I’d kind of like to go off on a small rant about “fan” rudeness. And I put the word “fan” in quotes, because I often wonder IF you’re somebody’s fan, why would you be shitty towards them? Anyway, I’m not gonna go there right now. It’s an ugly place, and plus that blog would take about an hour to compose. And truth be told, for every person out there who calls himself a fan but is truly a jerk, there are ten other people who are awesome.

Okay, ’nuff of that.

I guess I do need to talk about something, as it’s an issue I’ve been given a lesson in very recently, and it warrants discussion, if not in-depth scoping. And it’s the issue of BREATH.

Breath in voice acting, I should say. Especially breath in Audiobook Narration. Look, I’m not gonna play around, I listen to LOTS of people’s Audiobook Demos, and these are people who label and call themselves Pros, and I gotta tell you, I’m aware I’m better than a great lot of them. But, I do have one tremendous weakness when it comes to narration, and that’s my breathing style. (Now, don’t go searching for this on titles I’ve done, or it’s all you’ll notice!) Ahem. Anyway, I’ve often noticed that my catch-breaths, for lack of a better term, while narrating, fall into natural pockets, but they tend to be a bit RASPY,  or even plain LOUD. A producer recently emailed me about this, and he let me in on some techniques on how to avoid this. So far, it’s been really helpful. The embarrassing thing is, if I’d just applied a little bit of the vocal training I’d received as a singer, I would have figured this all out on my own. But, here’s the rub, sorta. When you’re on stage, and you have to take big breaths, whether or not their incredibly audible doesn’t so much come through, because you’re playing to a giant hall, even IF you’re wearing a body mic. It’s just not as noticeable because of sound dispersion, size of space, etc. … However, in the intimate world of recording Voiceover, again, everything is intimate and naked. And not in a sexy way. I mean it’s all laid bare. Every little glitch of the mouth. And improper, or stressed, or cramped breathing can sound like a windstorm, when in “real life”, it would be barely noticeable.
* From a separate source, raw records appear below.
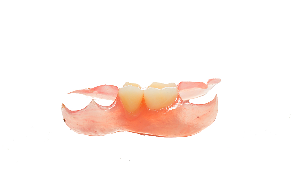何よりの利点は、薄くて違和感が少なく、目立たないことです。金具を使わず半透明の樹脂の弾性を利用して支えていますので、残った歯への負担も少なくなります。ただし、噛むときに主に負荷がかかる部分が樹脂なので、耐久性は若干劣ります。また、状態によっては、歯の噛み合わせのところの一部に金具を使う場合もあります。
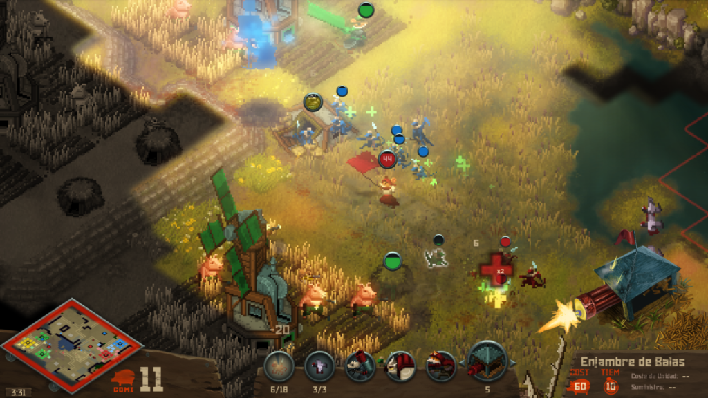 Desde un punto de vista jugable, su aspecto más original es que, en lugar de dirigir a todo tu ejército a la vez, controlamos a un único personaje que es el líder de su respectiva facción. Con él irás construyendo granjas donde los cerdos conseguirán comida —el único recurso que existe en el juego—, y distintas madrigueras que irán generando a las diferentes unidades que forman tu ejército. Tu personaje lleva consigo un estandarte con el que el que podrá convocar y dar órdenes sencillas a tus tropas, que atacarán automáticamente a los enemigos y estructuras que se encuentren.
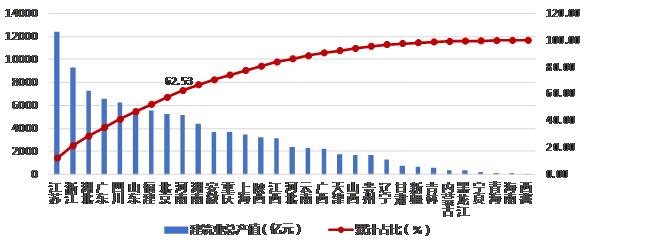 跨省完成建筑業(yè)總產值排名前兩位的是江蘇和北京,分別為 5430.59 億元和 3774.95億元。兩省跨省產值之和占全部跨省產值的比重為 26.87%。浙江、湖北、福建、上海、廣東、湖南、四川、河南、山東、陜西和江西11個地區(qū),跨省完成的建筑業(yè)總產值均超過 1000 億元。
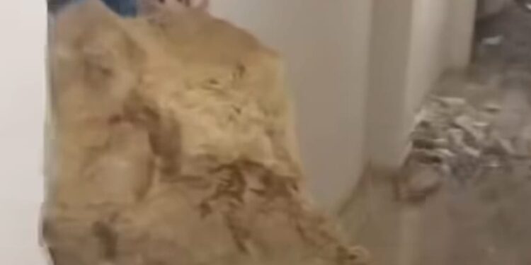 En estas imágenes vemos como los bomberos acceden a esa zona del hotel, el pánico de los turistas alojados, y las enormes dimensiones de la roca que cayó sobre el edificio e impactó sobre la pared de un pasillo, reventando el tabique.
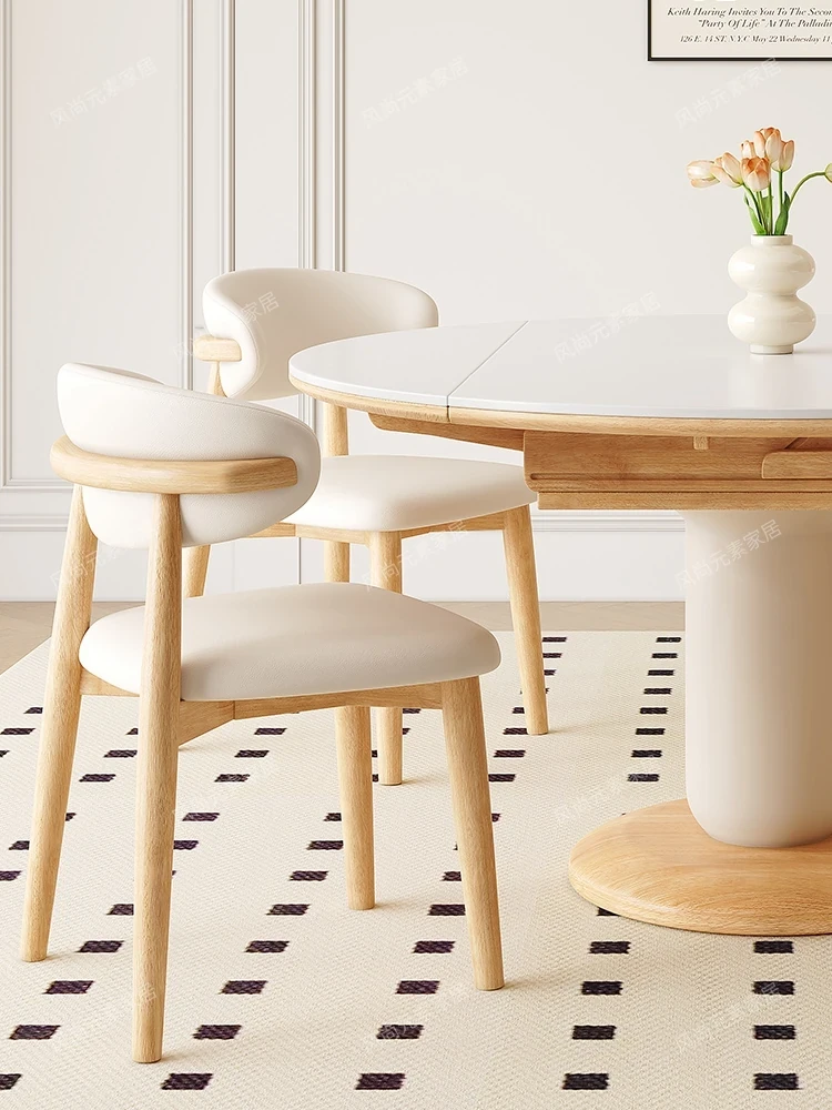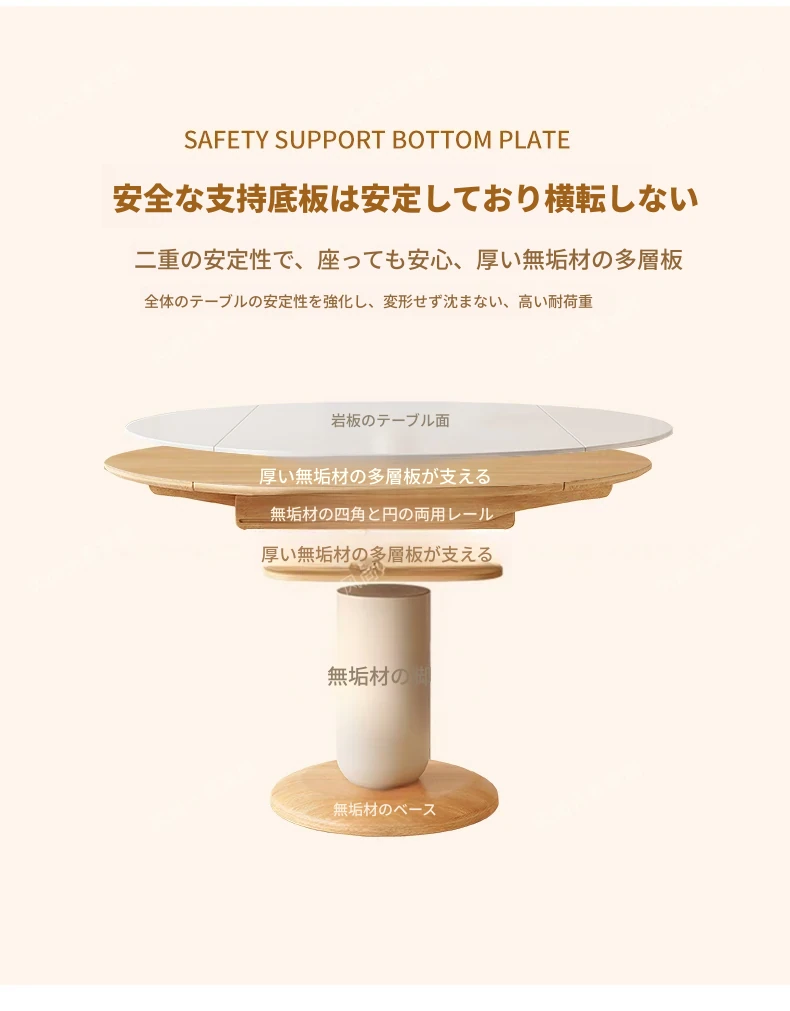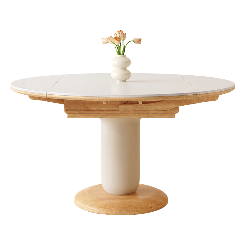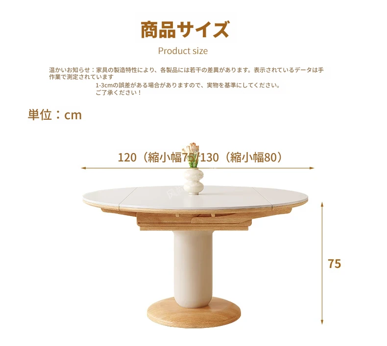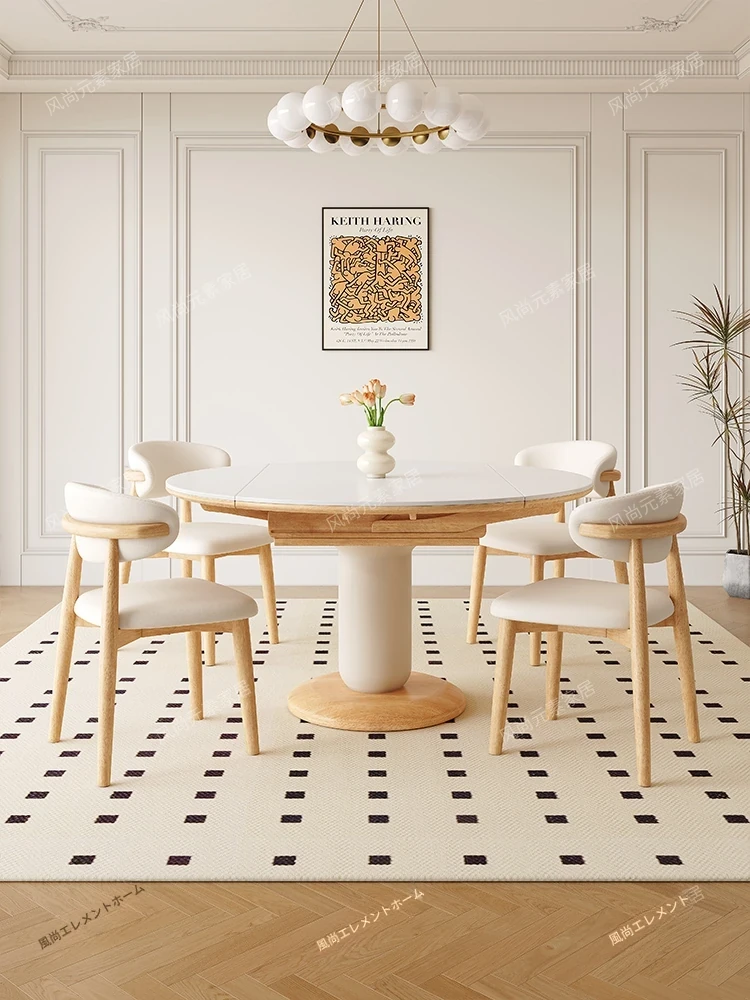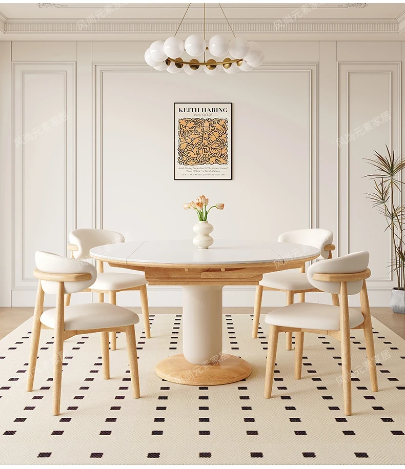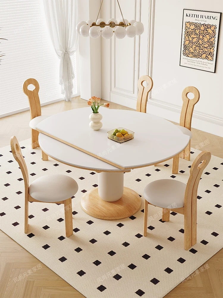 クリーム風デザインの岩板ダイニングテーブル&チェアセット|北欧モダンスタイル|四角と丸の二役をこなす伸縮可能な家庭用食卓|小さなスペースにも最適!
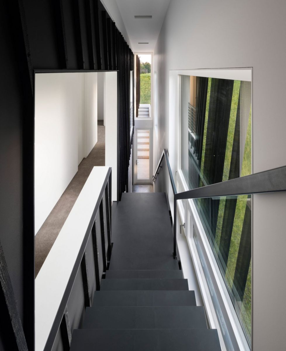 “不同厚度和深度的板子水平放置,使外立面具有深度,圖形和紋理視覺(jué)效果。房子長(zhǎng)邊一側(cè)連續(xù)不斷地以窗戶的方式架構(gòu),來(lái)加強(qiáng)純凈的視覺(jué)感受。而房子寬邊一側(cè)采用玻璃墻,以最大化景觀,兩部分都是如此。”
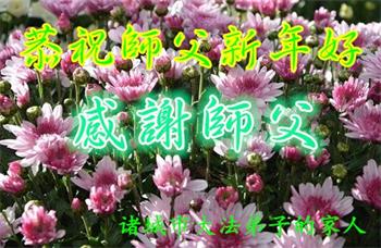 师父新年好!在这二十几年的邪恶环境中,师父不但时时看护着弟子,还保护着大法弟子的家人,化解了很多磨难。 我们全家人诚心感恩师父的慈悲救度!跪拜师父! 山东省潍坊市诸城市大法弟子的家人恭祝师父过年好!
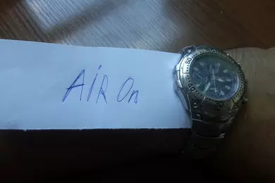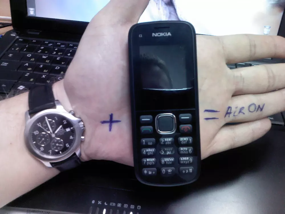 Вы можете выиграть этот часофон, если проживаете в Украине и примете участие в нашем конкурсе. Условия, как обычно, очень просты — нужно загрузить (используя кнопку ниже) фотографию своих наручных часов с нарисованным от руки текстом «AirOn» в кадре. Например, так, как это показано на фото ниже. Конкурс продлится с 8 по 21 октября (включительно), победитель будет выбран в результате честной жеребьевки. В конкурсе, традиционно, не могут принимать участие сотрудники компании «Магнет» и их родственники. От одного участника принимается только одно фото.

I’m still trying to master the technique, but it has to do with breathing with your tongue forward, so as to keep an open pharynx, which allows an effortless passage of air. For me, getting my mouth INTO this position in the nanoseconds it takes to do a catch breath while reading is the big challenge. But like I said, I’m working on it.

A good performing artist is always learning and improving!